Differences between torch.nn.TransformerDecoder and mindspore.nn.TransformerDecoder
torch.nn.TransformerDecoder
class torch.nn.TransformerDecoder(
decoder_layer,
num_layers,
norm=None
)(tgt, memory, tgt_mask=None, memory_mask=None, tgt_key_padding_mask=None, memory_key_padding_mask=None)
For more information, see torch.nn.TransformerDecoder.
mindspore.nn.TransformerDecoder
class mindspore.nn.TransformerDecoder(
decoder_layer,
num_layers,
norm=None
)(tgt, memory, tgt_mask=None, memory_mask=None, tgt_key_padding_mask=None, memory_key_padding_mask=None)

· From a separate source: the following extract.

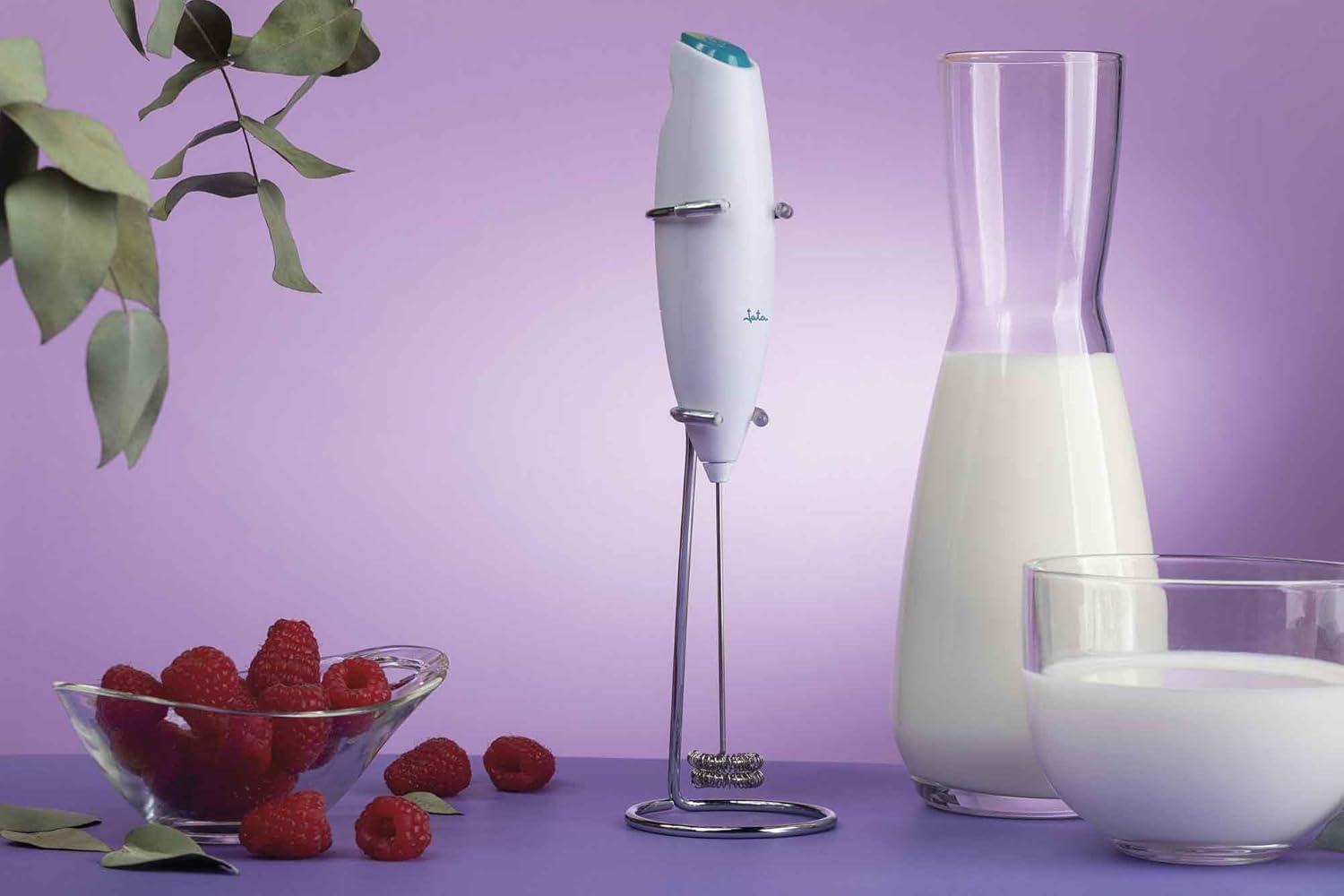 Espumador Leche Electrico de Mano Jata Batidor Leche Espuma con Soporte. Ideal para Capuchino, Matcha, Batidos de Proteínas, Chocolate. Funciona con Pilas

For more information, see mindspore.nn.TransformerDecoder.
Differences
The code implementation and parameter update logic of mindspore.nn.TransformerDecoder
optimizer is mostly the same with torch.nn.TransformerDecoder
.
Categories |
Subcategories |
PyTorch |
MindSpore |
Difference |
---|---|---|---|---|
Parameters |
Parameter 1 |
decoder_layer |
decoder_layer |
Consistent function |
Parameter 2 |
num_layers |
num_layers |
Consistent function |
|
Parameter 3 |
norm |
norm |
Consistent function |
|
Input |
Input 1 |
tgt |
tgt |
Consistent function |
Input 2 |
memory |
memory |
Consistent function |
|
Input 3 |
tgt_mask |
tgt_mask |
In MindSpore, dtype can be set as float or bool Tensor; in Pytorch dtype can be set as float, byte or bool Tensor. |
|
Input 4 |
memory_mask |
memory_mask |
In MindSpore, dtype can be set as float or bool Tensor; in Pytorch dtype can be set as float, byte or bool Tensor. |
|
Input 5 |
tgt_key_padding_mask |
tgt_key_padding_mask |
In MindSpore, dtype can be set as float or bool Tensor; in Pytorch dtype can be set as byte or bool Tensor. |
|
Input 6 |
memory_key_padding_mask |
memory_key_padding_mask |
In MindSpore, dtype can be set as float or bool Tensor; in Pytorch dtype can be set as byte or bool Tensor. |
Code Example
# PyTorch
import torch
from torch import nn
decoder_layer = nn.TransformerDecoderLayer(d_model=512, nhead=8)
transformer_decoder = nn.TransformerDecoder(decoder_layer, num_layers=6)
memory = torch.rand(10, 32, 512)
tgt = torch.rand(20, 32, 512)
out = transformer_decoder(tgt, memory)
print(out.shape)
#torch.Size([20, 32, 512])
# MindSpore
import mindspore as ms
import numpy as np
decoder_layer = ms.nn.TransformerDecoderLayer(d_model=512, nhead=8)
transformer_decoder = ms.nn.TransformerDecoder(decoder_layer, num_layers=6)
memory = ms.Tensor(np.random.rand(10, 32, 512), ms.float32)
tgt = ms.Tensor(np.random.rand(20, 32, 512), ms.float32)
out = transformer_decoder(tgt, memory)
print(out.shape)
#(20, 32, 512)